■ **About this exercise**
Copy each entry below verbatim. Skip the pictures.

■ **Supplied information**
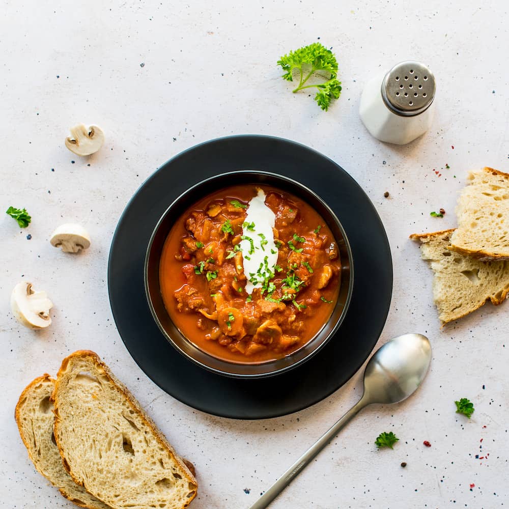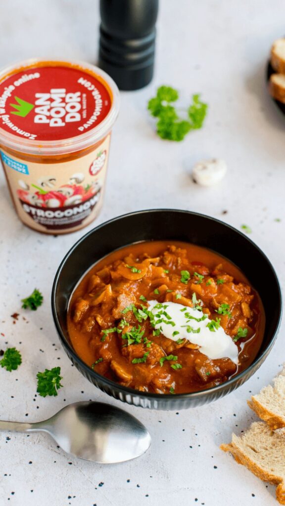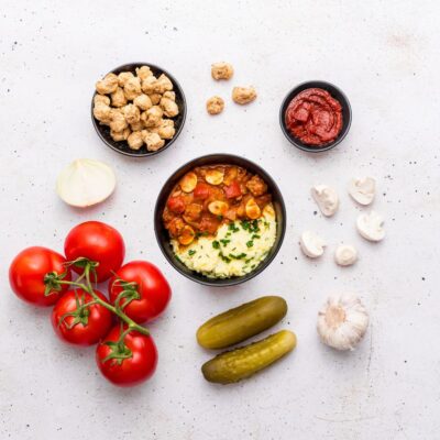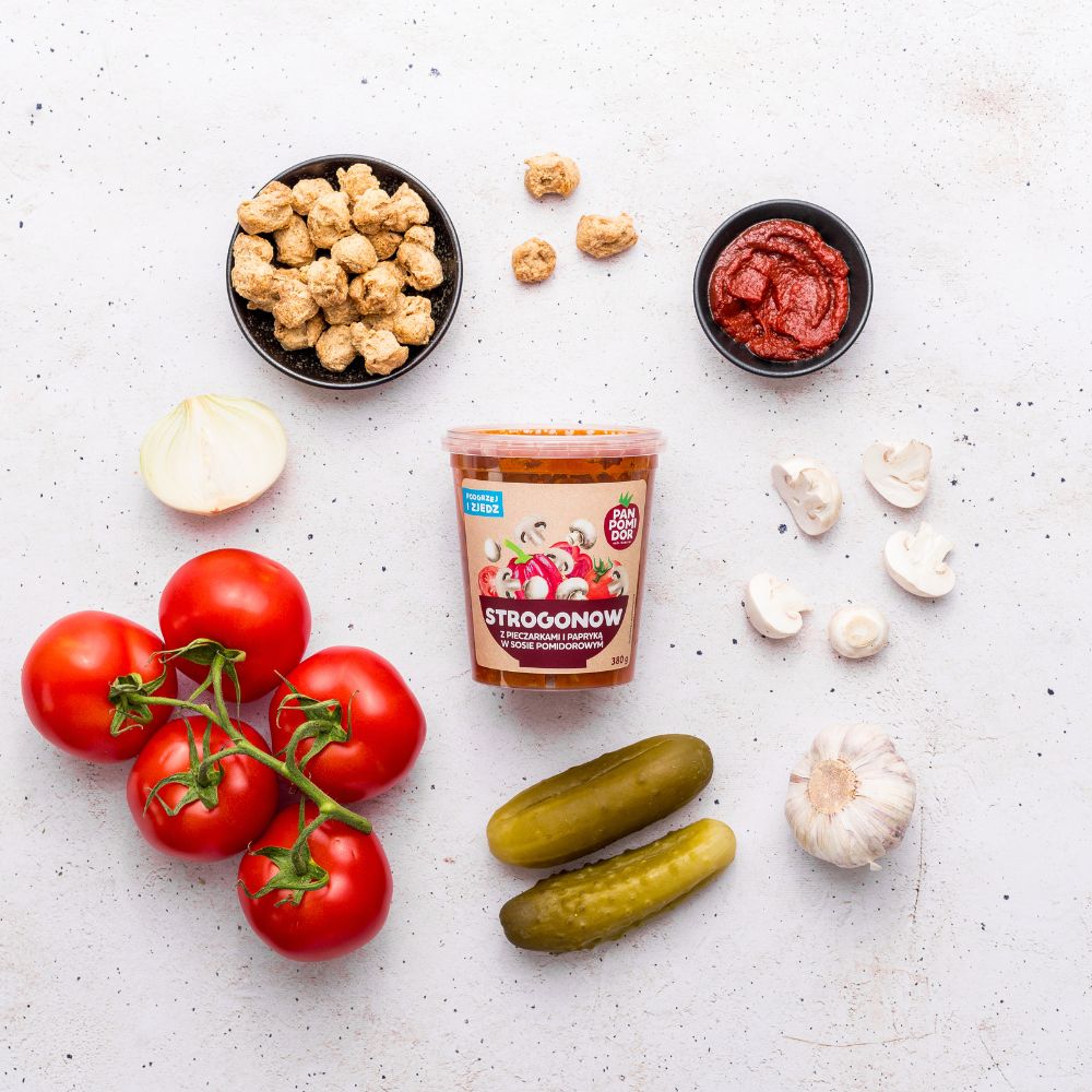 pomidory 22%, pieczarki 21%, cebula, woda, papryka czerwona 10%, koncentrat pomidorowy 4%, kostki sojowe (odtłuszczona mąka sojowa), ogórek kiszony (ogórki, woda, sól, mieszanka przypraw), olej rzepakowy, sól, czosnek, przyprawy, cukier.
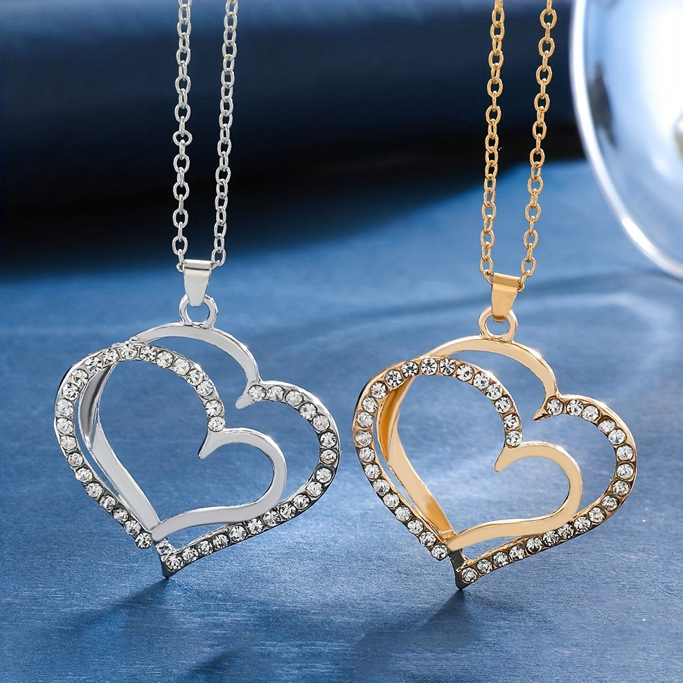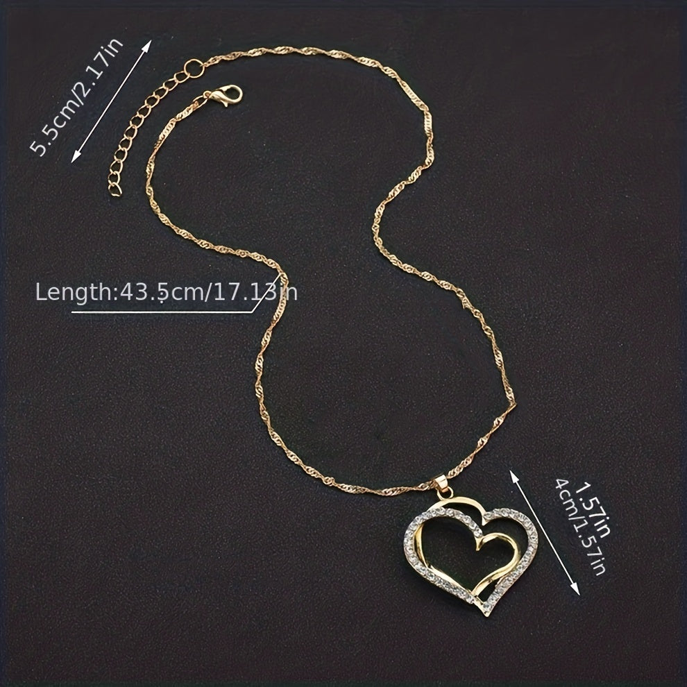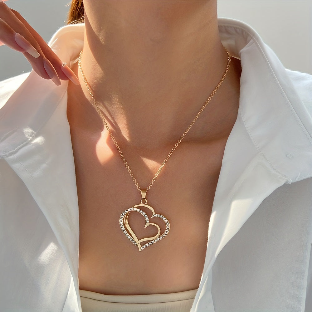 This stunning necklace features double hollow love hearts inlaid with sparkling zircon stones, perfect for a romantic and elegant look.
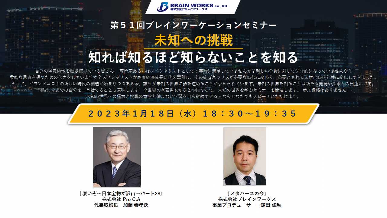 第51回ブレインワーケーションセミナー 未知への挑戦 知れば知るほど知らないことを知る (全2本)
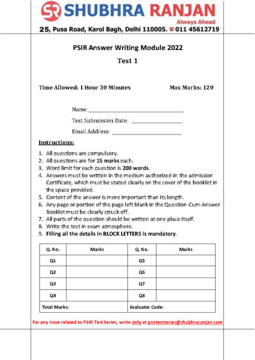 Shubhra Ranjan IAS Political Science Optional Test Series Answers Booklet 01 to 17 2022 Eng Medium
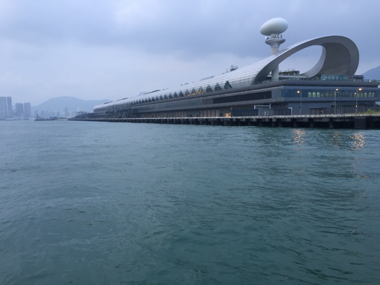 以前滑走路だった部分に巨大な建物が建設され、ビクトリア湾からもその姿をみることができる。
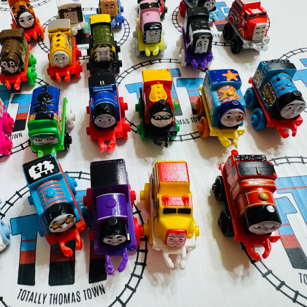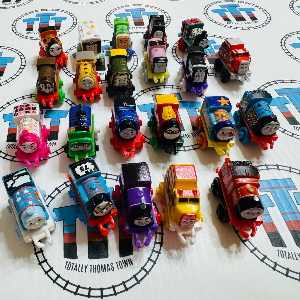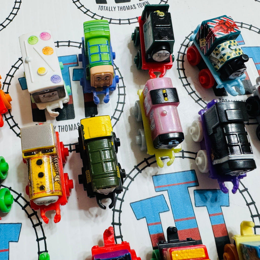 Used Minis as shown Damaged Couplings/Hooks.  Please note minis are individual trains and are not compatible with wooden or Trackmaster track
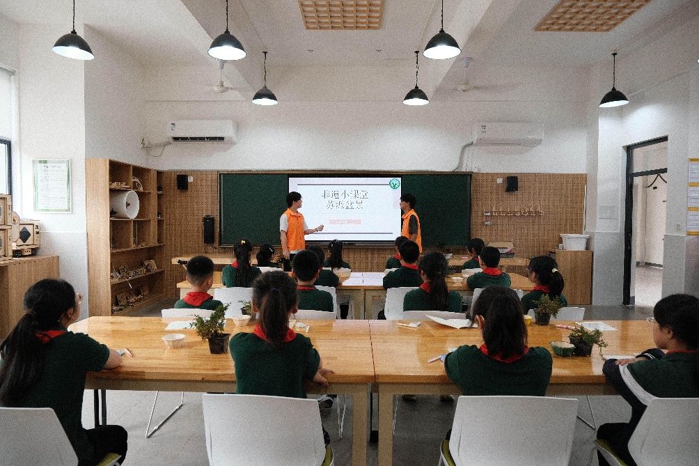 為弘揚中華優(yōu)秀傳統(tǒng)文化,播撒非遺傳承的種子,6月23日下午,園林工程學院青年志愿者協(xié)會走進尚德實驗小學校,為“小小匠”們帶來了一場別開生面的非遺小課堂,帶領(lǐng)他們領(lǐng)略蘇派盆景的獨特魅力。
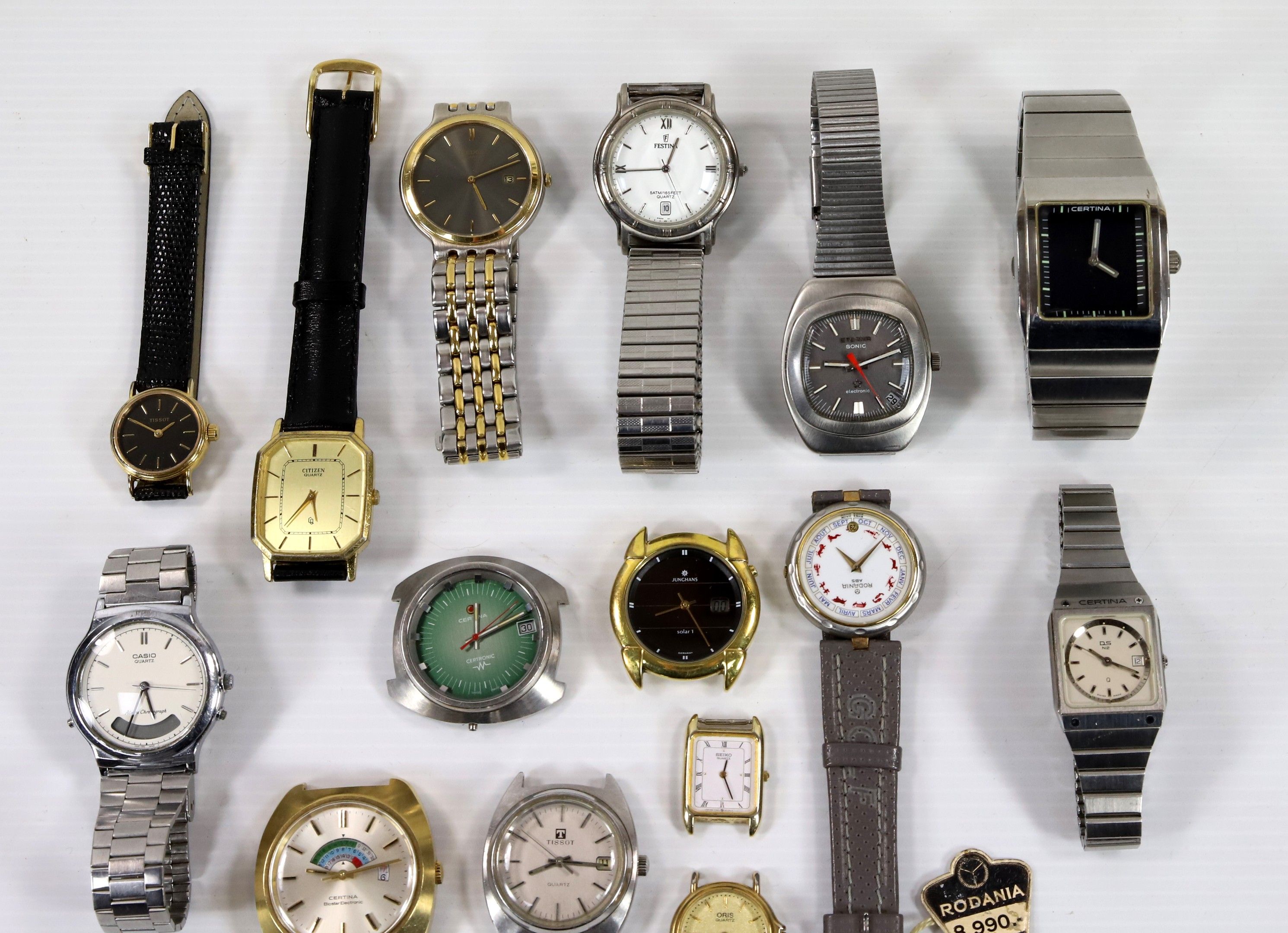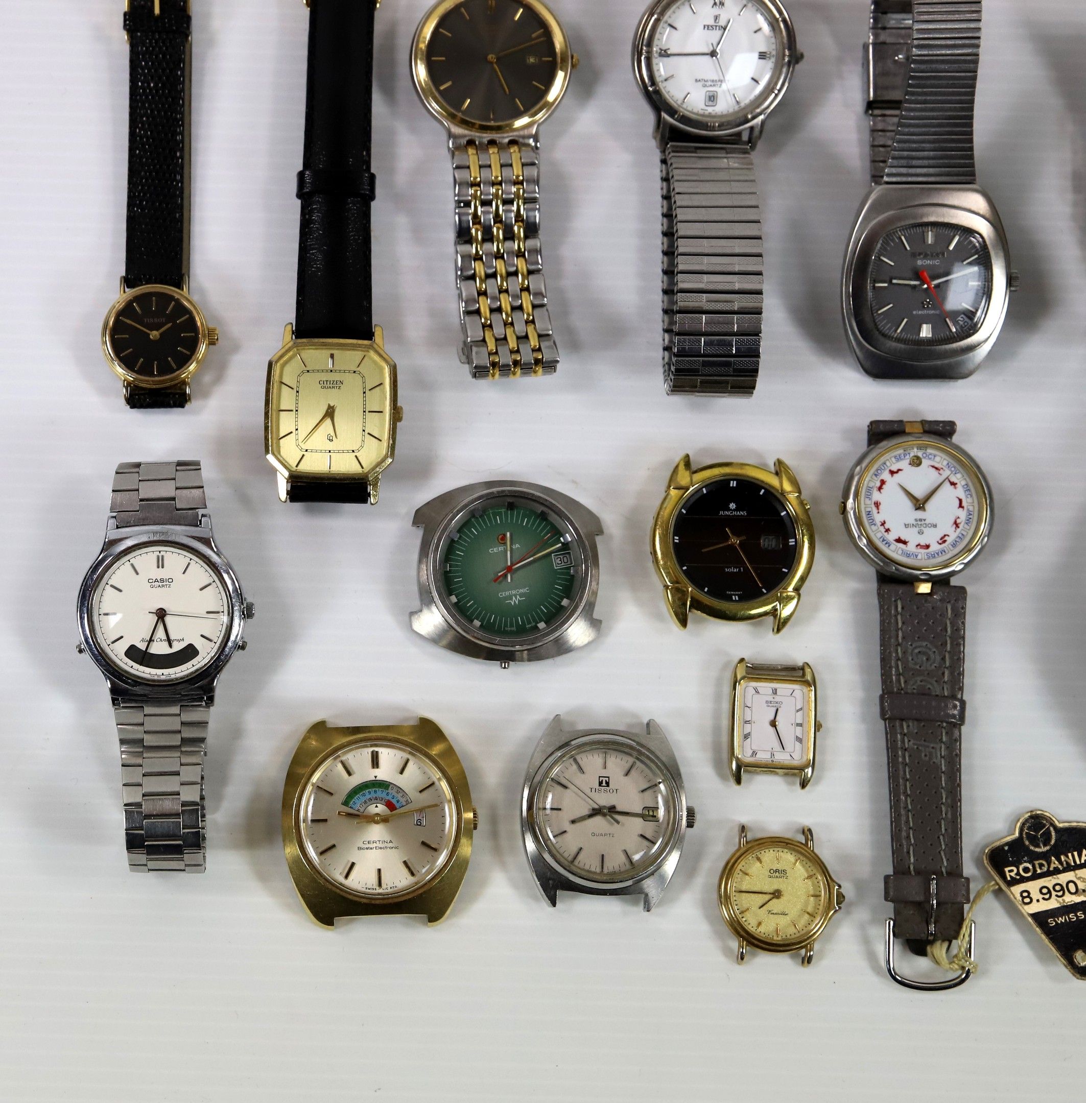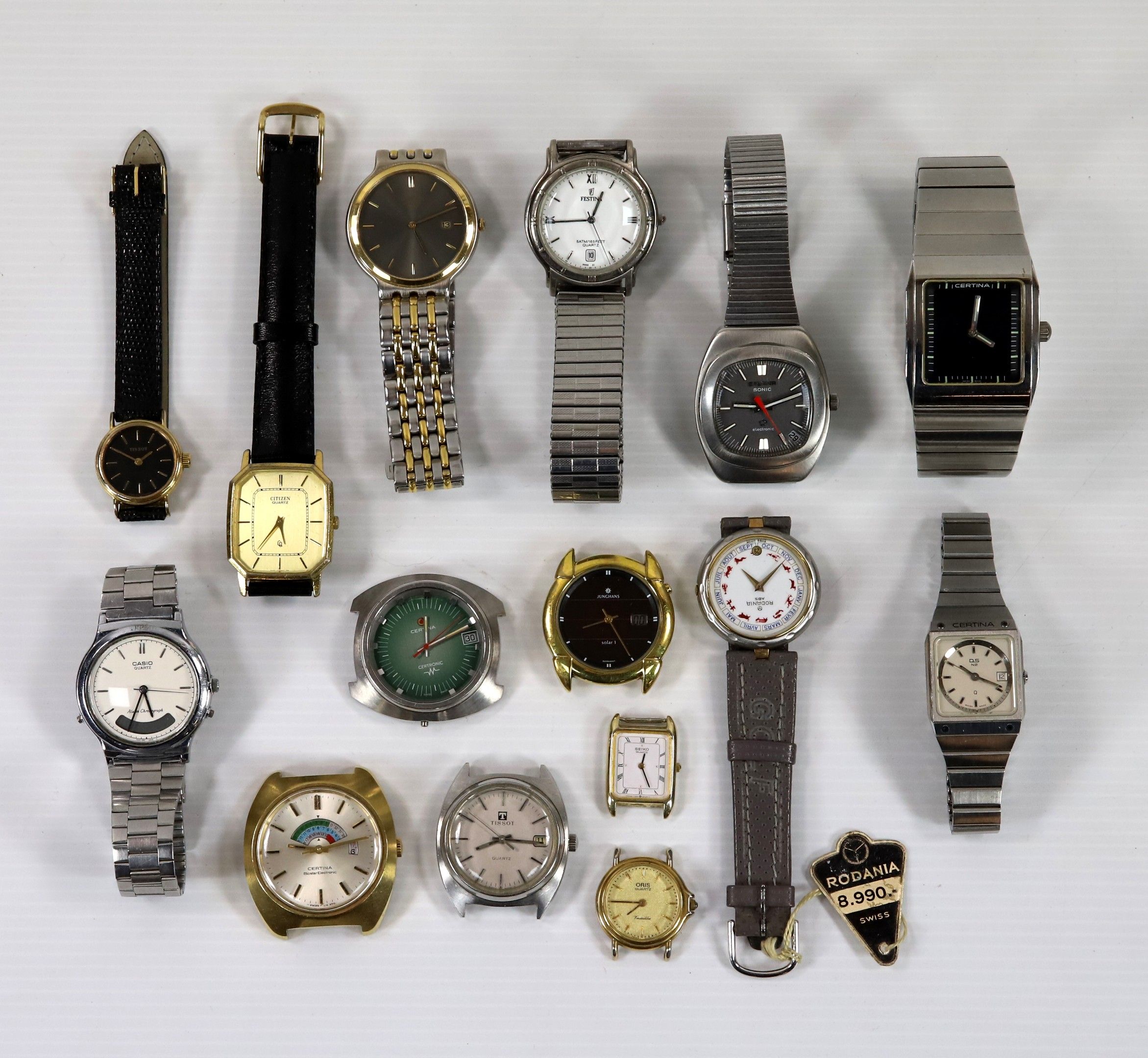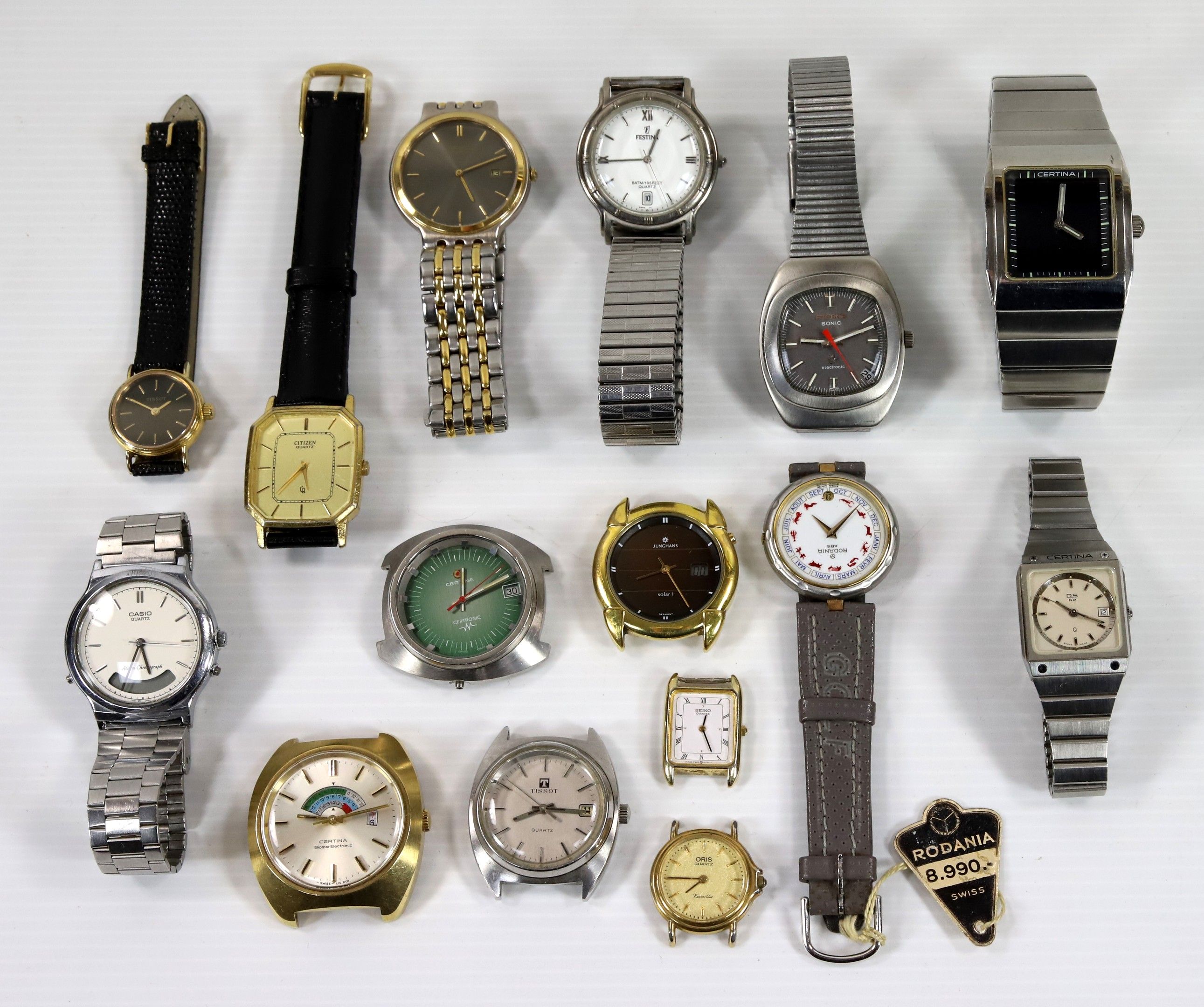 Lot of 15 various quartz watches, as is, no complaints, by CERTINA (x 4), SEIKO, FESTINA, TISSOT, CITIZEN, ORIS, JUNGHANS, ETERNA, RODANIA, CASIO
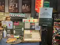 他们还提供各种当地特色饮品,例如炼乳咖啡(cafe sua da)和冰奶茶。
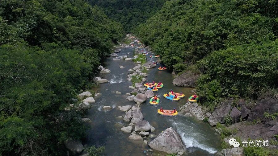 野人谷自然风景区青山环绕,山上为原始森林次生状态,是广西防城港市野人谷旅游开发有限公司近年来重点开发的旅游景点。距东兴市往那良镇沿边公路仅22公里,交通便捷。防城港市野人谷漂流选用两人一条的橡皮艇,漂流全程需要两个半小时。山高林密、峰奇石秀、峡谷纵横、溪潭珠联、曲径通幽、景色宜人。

■ **Answer area**
 pomidory 22%, pieczarki 21%, cebula, woda, papryka czerwona 10%, koncentrat pomidorowy 4%, kostki sojowe (odtłuszczona mąka sojowa), ogórek kiszony (ogórki, woda, sól, mieszanka przypraw), olej rzepakowy, sól, czosnek, przyprawy, cukier.
 This stunning necklace features double hollow love hearts inlaid with sparkling zircon stones, perfect for a romantic and elegant look.
 第51回ブレインワーケーションセミナー 未知への挑戦 知れば知るほど知らないことを知る (全2本)
 Shubhra Ranjan IAS Political Science Optional Test Series Answers Booklet 01 to 17 2022 Eng Medium
 以前滑走路だった部分に巨大な建物が建設され、ビクトリア湾からもその姿をみることができる。
 Used Minis as shown Damaged Couplings/Hooks.  Please note minis are individual trains and are not compatible with wooden or Trackmaster track
 為弘揚中華優(yōu)秀傳統(tǒng)文化,播撒非遺傳承的種子,6月23日下午,園林工程學院青年志愿者協(xié)會走進尚德實驗小學校,為“小小匠”們帶來了一場別開生面的非遺小課堂,帶領(lǐng)他們領(lǐng)略蘇派盆景的獨特魅力。
 Lot of 15 various quartz watches, as is, no complaints, by CERTINA (x 4), SEIKO, FESTINA, TISSOT, CITIZEN, ORIS, JUNGHANS, ETERNA, RODANIA, CASIO
 他们还提供各种当地特色饮品,例如炼乳咖啡(cafe sua da)和冰奶茶。
 野人谷自然风景区青山环绕,山上为原始森林次生状态,是广西防城港市野人谷旅游开发有限公司近年来重点开发的旅游景点。距东兴市往那良镇沿边公路仅22公里,交通便捷。防城港市野人谷漂流选用两人一条的橡皮艇,漂流全程需要两个半小时。山高林密、峰奇石秀、峡谷纵横、溪潭珠联、曲径通幽、景色宜人。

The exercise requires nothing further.